April 08, 2020

Ice-fishing rookies should take it slow

Maybe you’re not into standing on a frozen lake waiting for a flag to spring toward the sky, or running from a heated ice shack to skim a layer of ice from around your traps as a stiff wind picks up a handful of snow and delivers it to parts of your body you thought were exempt.

It might be you’ve always been interested but just never found an ice chisel that fit your hands. You’ve heard stories about the work a power auger could perform with little effort, but you’re still reluctant to spend the money on this sport called ice fishing.

I understand where you’re coming from and that’s why you need to be broken in easy. Returning from your first trip without socks frozen to the bottom of your boots is a must. I definitely don’t want you have to break a window to enter your vehicle because your hands were shaking so much you couldn’t place the key in the door lock. This first outing needs to leave a good taste in your mouth, and keep you as warm as a cat sprawled across a toasty radiator.

So for this maiden outing leave the ice traps hanging in the garage, and keep your credit card in your pocket. That shiny new power ice auger you’re contemplating purchasing from your local Wal-Mart will be there long after the ice has cleared the lakes.

Just fire up the old clunker and aim the hood ornament at a small town south of Augusta called Randolph. It’s only a few miles from our state capital, nestled on the opposite side of the Kennebec River, and it holds claim to some excellent smelt fishing.

I don’t want to give the impression that spending an evening smelt fishing on the Kennebec is as comfortable as watching a bass tournament from your living room, but there’s no doubt it’s a pretty comfortable situation once you occupy a heated ice shack.

Smelt fishing is done entirely from inside the heated walls of a shack because that’s where the fishing hole is. It’s a pretty cheap evening out for a few couples looking for a reason to be excited about winter’s arctic air. I’ll guarantee you once the first wave of smelts tears into your bait, you’ll be hoping for more cold weather so those ice shacks remain on the river.

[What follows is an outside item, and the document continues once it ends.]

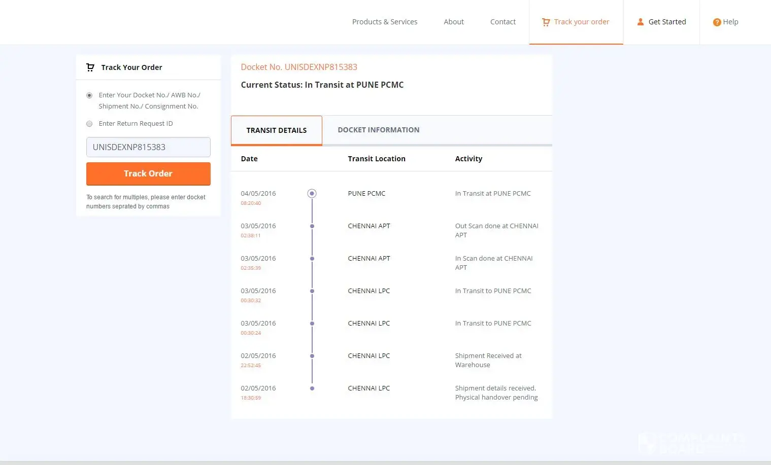 Raised complaint with their courier partner GOJAVAS complaint number 851075 on AWB No. UNISDEXNP815383n on 7 may but they will also not able to track the order.

Although there’s still not enough ice on the rivers to support ice shacks, smelt camp owner Jim Worthing in Randolph has started fishing early, putting a couple of smelt camps into action with floats attached. These floating camps located at the edge of the Kennebec River have already been occupied by a few successful fishing parties. About this time last week a small party left their floating camp with 126 fish in their creel. “Although the best fishing is probably in January,” said Worthing, these floating camps can provide quite a fish fry while we wait for ice to cover the river. If cold weather prevails throughout December, Worthing will be busy setting up smelt camps on the Kennebec to capture the fishing action January brings. He has a heavy arsenal of smelt camps on hand, all equipped with a heater. He also has camps that will host as many as six people. During the busy season, Worthing lights up the shore of the Kennebec with his snack shack, cooking burgers well into the night for hungry anglers.

So slide a few extra dog-eared dollar bills into your billfold and make reservations for a memorable evening out. Call Jim Worthing smelt camps, in Randolph at, 207-582-3199, or send a letter to Jim Worthing, P.O. Box 1073, Gardner 04345.

These cold December days are showing their effects in the east, according to Kurt Cressey, owner of The Pine Tree Store in Grand Lake Stream. As of this past Monday, West Grand Lake was holding a thin cover of ice in Dyer Cove, and Big Lake was completely covered with ice. “At the present time, the ice is a couple weeks ahead of schedule,” Cressey said.

To the south, in the Sebago Lake area, the cold weather is performing early work freezing over a few small bodies of water. Jordan’s Store on Sebago Lake reported the lake is still open, but this year fishing on the lake could be slightly early if this cold spell continues. The lake didn’t freeze over until late January last season, and even then the entire lake wasn’t safe for fishing. Past records show that Sebago needs most of January before fishermen occupy the lake.

Here’s a few more tips on staying warm in the winter, from our Appalachian Trail hiker Brad Viles. Hike in clean clothes during the winter. Dirt and oil from your body clog dead air spaces in clothing. High-calorie foods will help compensate from the effects of cold as well, said Viles.

Answer to last week’s question: Why do moose prefer bedding in deep snow?

Deep snow acts as a blanket and allows the animal to retain body heat.

Question: What is the largest antlered mammal in North America after the moose?